WHAT IS BEING ASKED: Here the job is to transcribe only the lines from the one containing "или деревянными столбами, а" through the last line below, exactly as written; please leave out pictures.
-------- EXCERPTED RECORDS
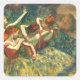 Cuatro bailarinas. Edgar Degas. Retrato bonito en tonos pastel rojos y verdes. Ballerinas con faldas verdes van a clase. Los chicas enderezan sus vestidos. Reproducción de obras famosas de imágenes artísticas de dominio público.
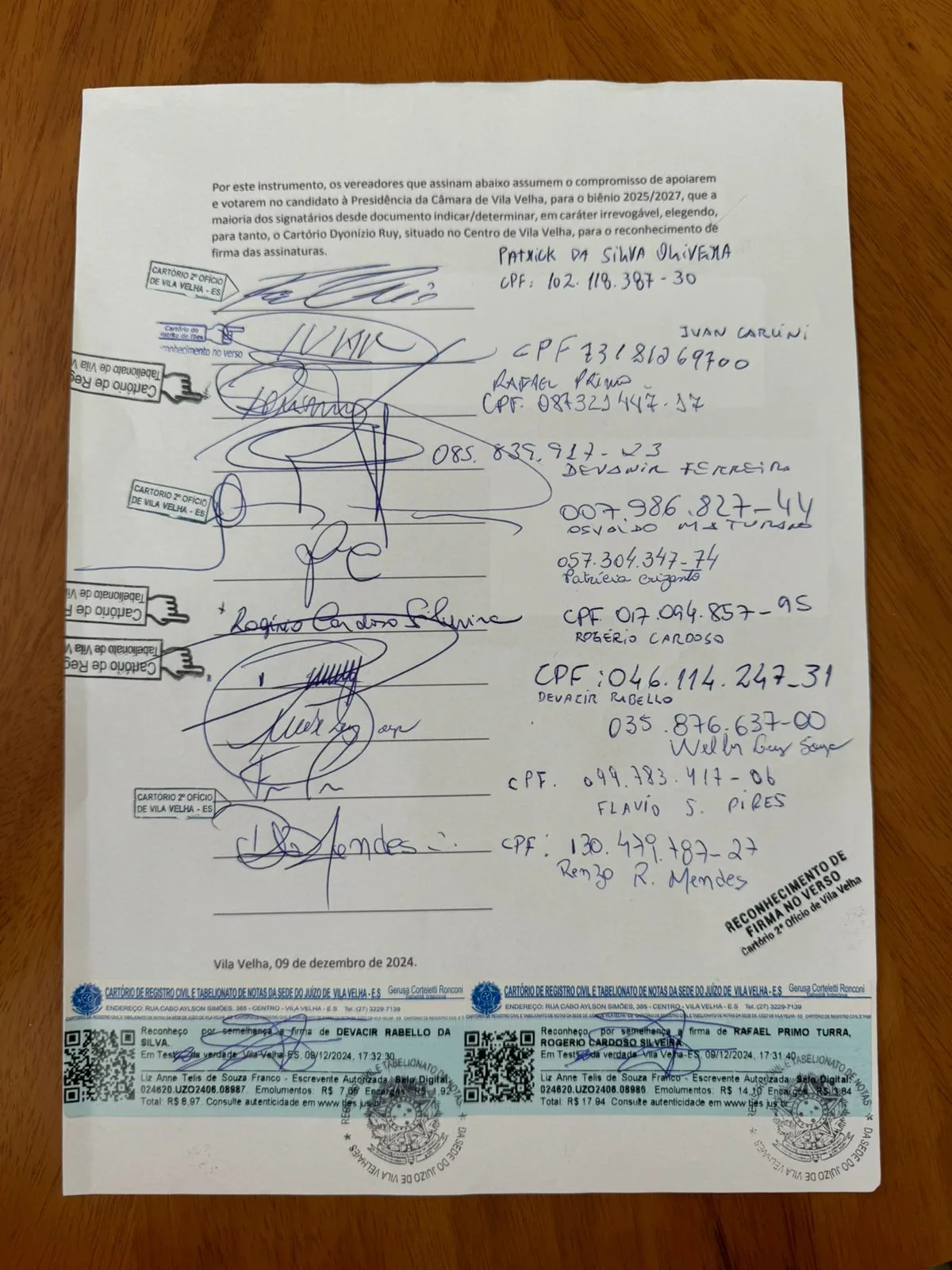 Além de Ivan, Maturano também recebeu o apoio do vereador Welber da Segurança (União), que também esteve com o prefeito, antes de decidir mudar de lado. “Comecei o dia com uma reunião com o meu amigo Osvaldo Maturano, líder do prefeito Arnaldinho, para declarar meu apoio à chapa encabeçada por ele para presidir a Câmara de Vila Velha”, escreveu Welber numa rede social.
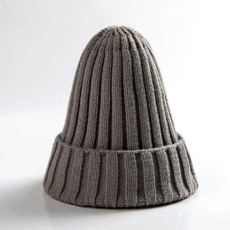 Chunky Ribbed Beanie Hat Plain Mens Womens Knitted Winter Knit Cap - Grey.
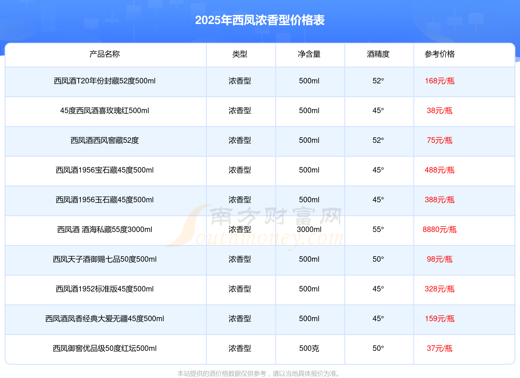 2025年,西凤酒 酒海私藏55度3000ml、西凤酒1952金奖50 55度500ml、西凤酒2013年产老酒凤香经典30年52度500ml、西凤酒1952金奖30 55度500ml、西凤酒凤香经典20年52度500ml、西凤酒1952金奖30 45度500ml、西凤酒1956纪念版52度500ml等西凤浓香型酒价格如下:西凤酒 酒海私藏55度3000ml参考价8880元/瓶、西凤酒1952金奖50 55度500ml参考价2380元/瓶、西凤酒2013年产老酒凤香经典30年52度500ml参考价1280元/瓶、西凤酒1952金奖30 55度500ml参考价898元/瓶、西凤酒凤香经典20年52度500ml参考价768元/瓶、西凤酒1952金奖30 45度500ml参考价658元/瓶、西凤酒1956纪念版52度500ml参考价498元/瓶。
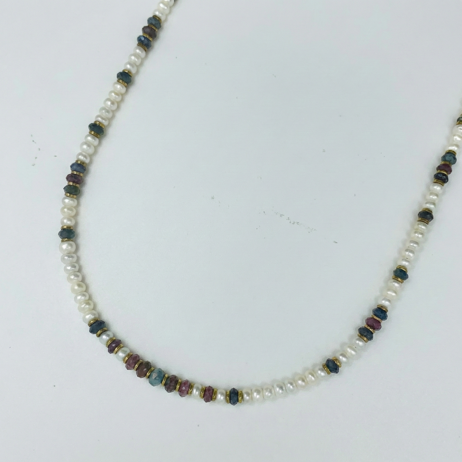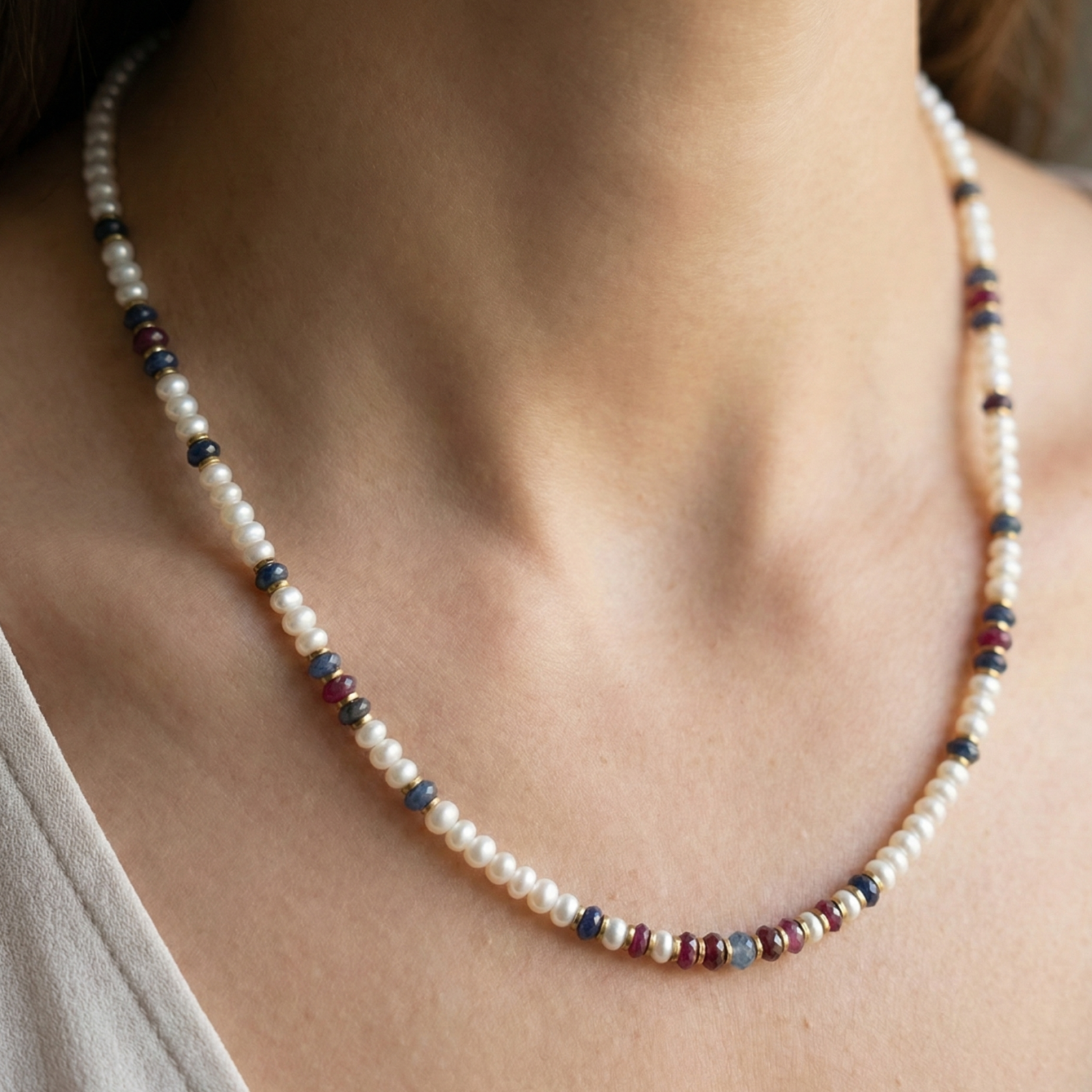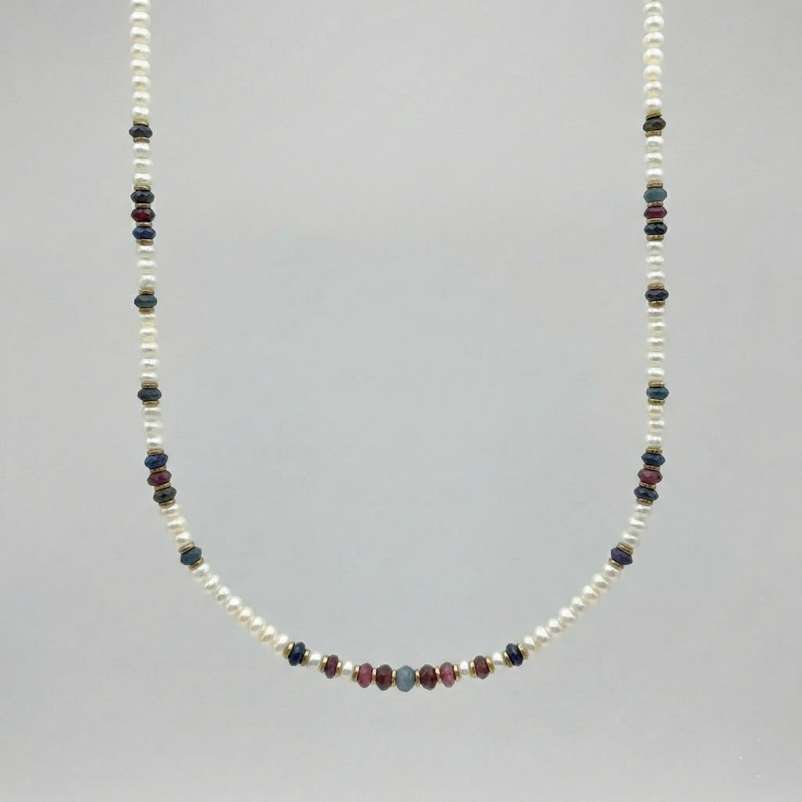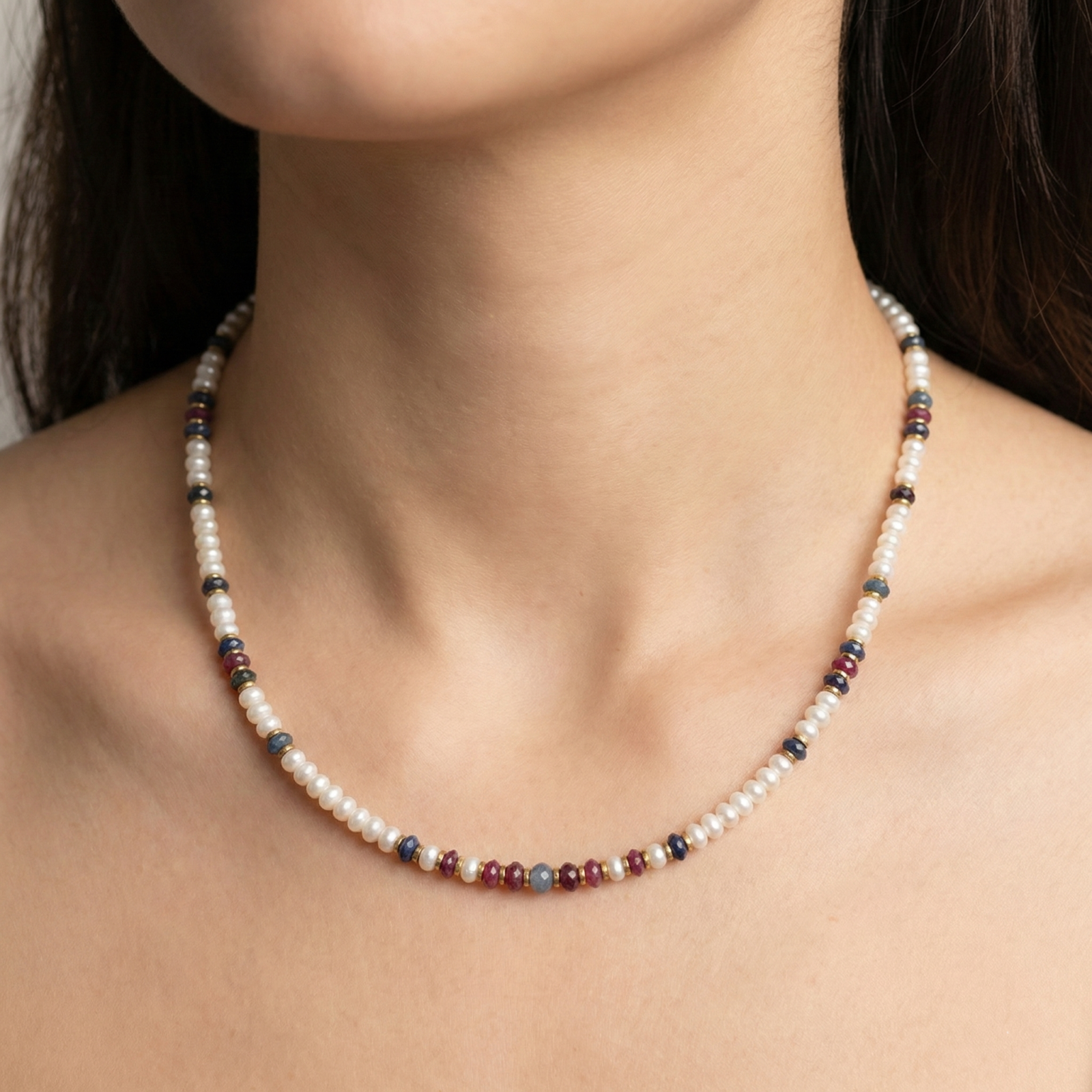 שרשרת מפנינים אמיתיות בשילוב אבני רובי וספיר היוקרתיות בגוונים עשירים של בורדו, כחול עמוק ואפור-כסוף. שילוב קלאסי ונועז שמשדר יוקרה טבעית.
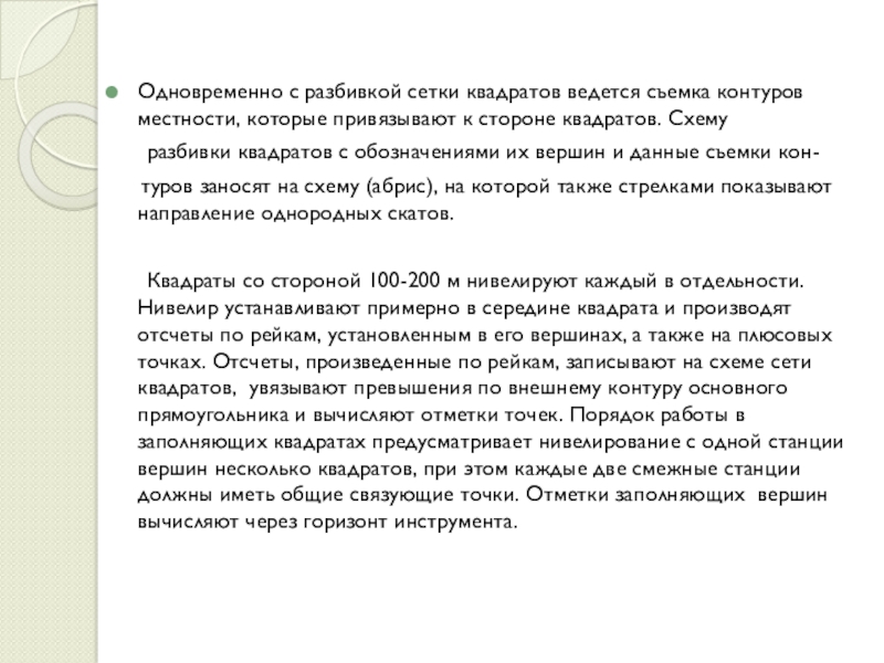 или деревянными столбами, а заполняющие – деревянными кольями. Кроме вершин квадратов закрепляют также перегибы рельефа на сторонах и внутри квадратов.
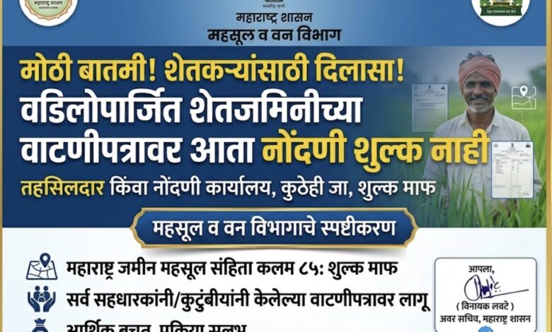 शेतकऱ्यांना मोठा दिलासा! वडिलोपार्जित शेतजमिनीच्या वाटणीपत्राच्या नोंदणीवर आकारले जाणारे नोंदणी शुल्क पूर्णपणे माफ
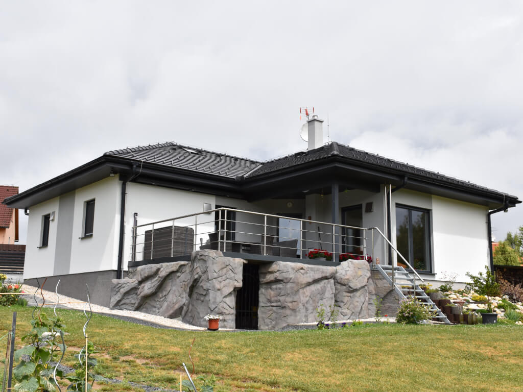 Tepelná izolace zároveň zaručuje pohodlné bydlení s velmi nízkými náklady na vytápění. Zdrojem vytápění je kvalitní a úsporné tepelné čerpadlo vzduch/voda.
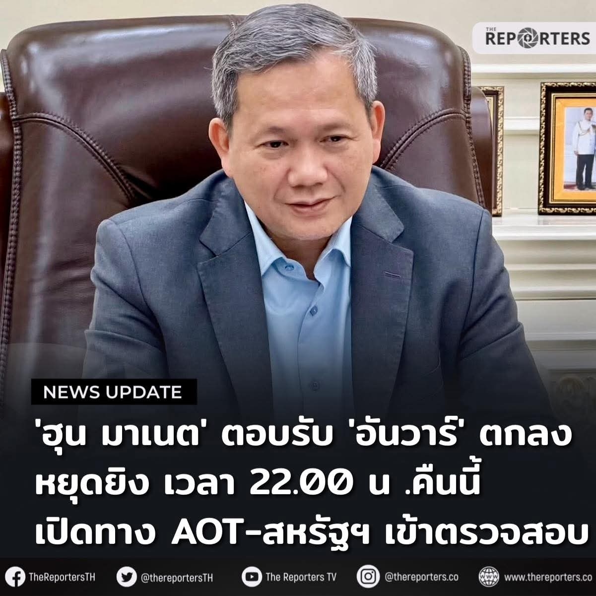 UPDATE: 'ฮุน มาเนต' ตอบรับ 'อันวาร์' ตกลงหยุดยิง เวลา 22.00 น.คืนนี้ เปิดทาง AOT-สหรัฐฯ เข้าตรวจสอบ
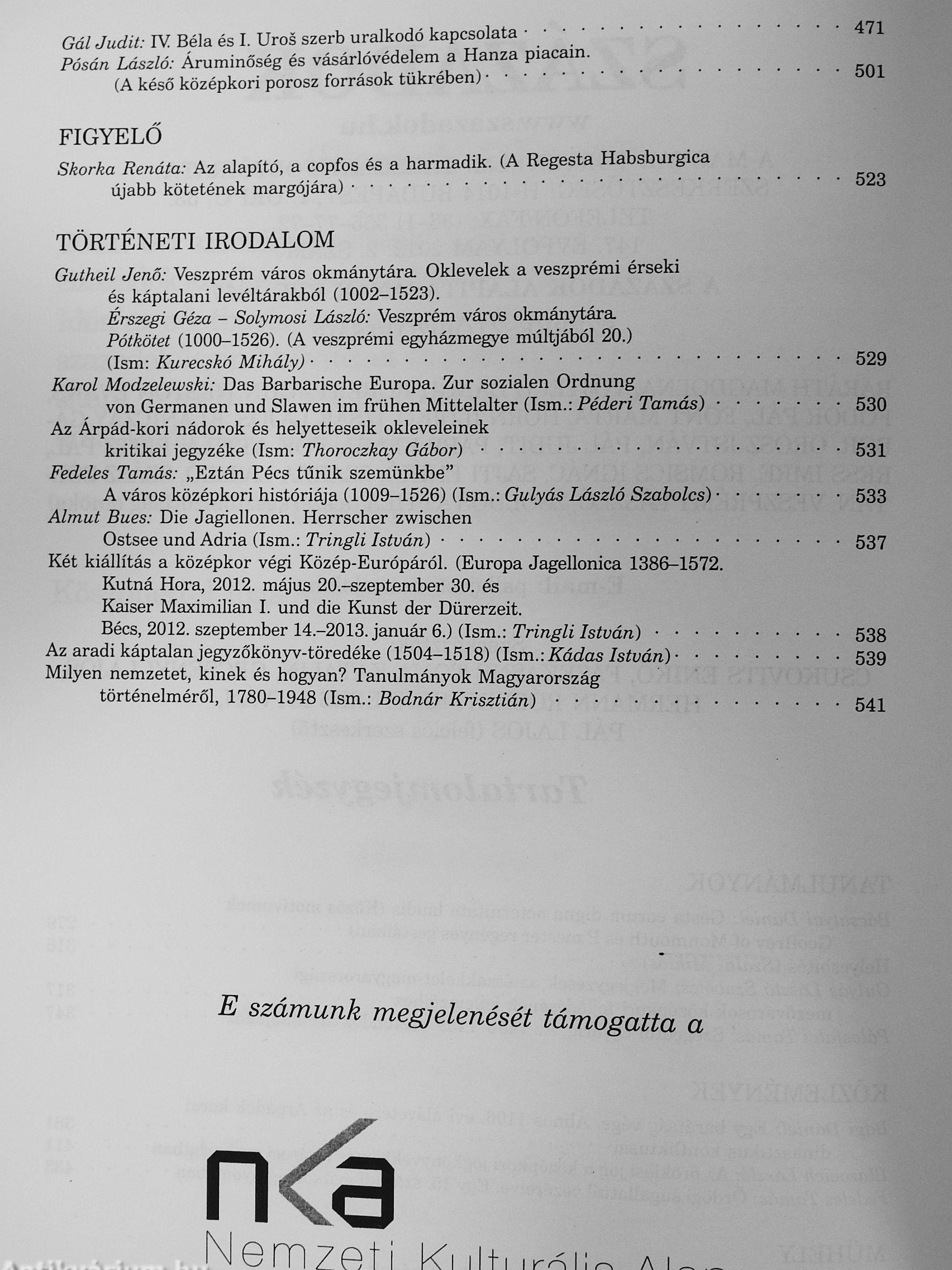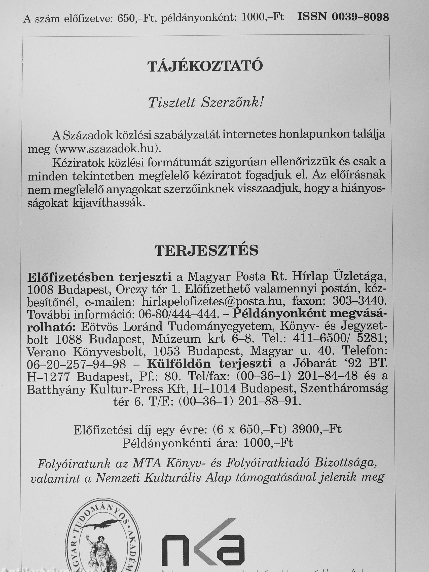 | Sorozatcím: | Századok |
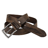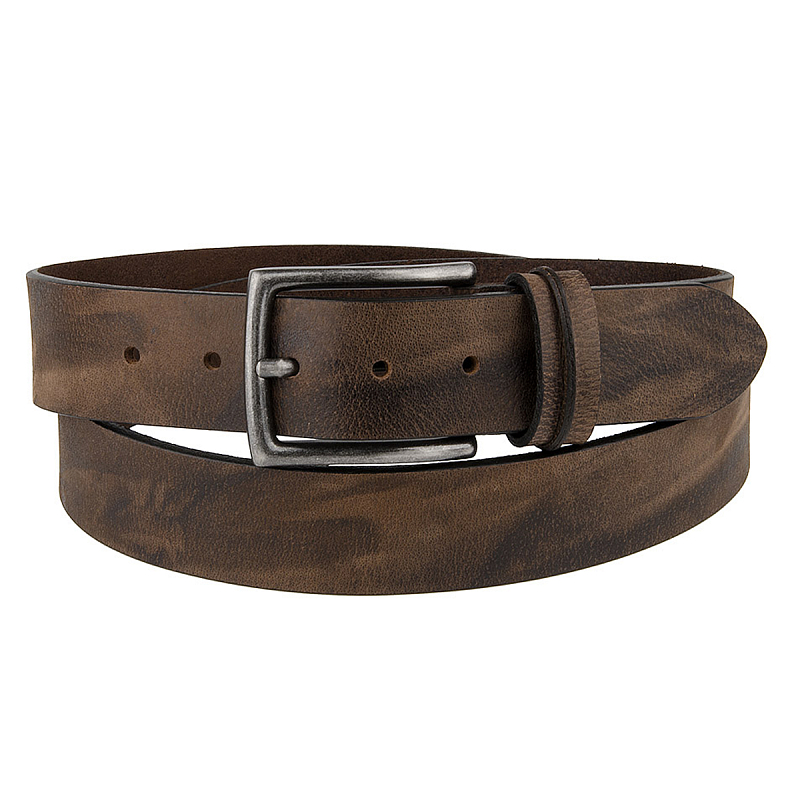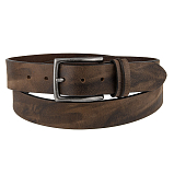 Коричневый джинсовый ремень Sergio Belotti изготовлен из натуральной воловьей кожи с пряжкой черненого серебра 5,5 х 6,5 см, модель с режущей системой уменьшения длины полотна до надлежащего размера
----------------
PROBLEM SOLUTION:
 или деревянными столбами, а заполняющие – деревянными кольями. Кроме вершин квадратов закрепляют также перегибы рельефа на сторонах и внутри квадратов.
 शेतकऱ्यांना मोठा दिलासा! वडिलोपार्जित शेतजमिनीच्या वाटणीपत्राच्या नोंदणीवर आकारले जाणारे नोंदणी शुल्क पूर्णपणे माफ
 Tepelná izolace zároveň zaručuje pohodlné bydlení s velmi nízkými náklady na vytápění. Zdrojem vytápění je kvalitní a úsporné tepelné čerpadlo vzduch/voda.
 UPDATE: 'ฮุน มาเนต' ตอบรับ 'อันวาร์' ตกลงหยุดยิง เวลา 22.00 น.คืนนี้ เปิดทาง AOT-สหรัฐฯ เข้าตรวจสอบ
 | Sorozatcím: | Századok |
 Коричневый джинсовый ремень Sergio Belotti изготовлен из натуральной воловьей кожи с пряжкой черненого серебра 5,5 х 6,5 см, модель с режущей системой уменьшения длины полотна до надлежащего размера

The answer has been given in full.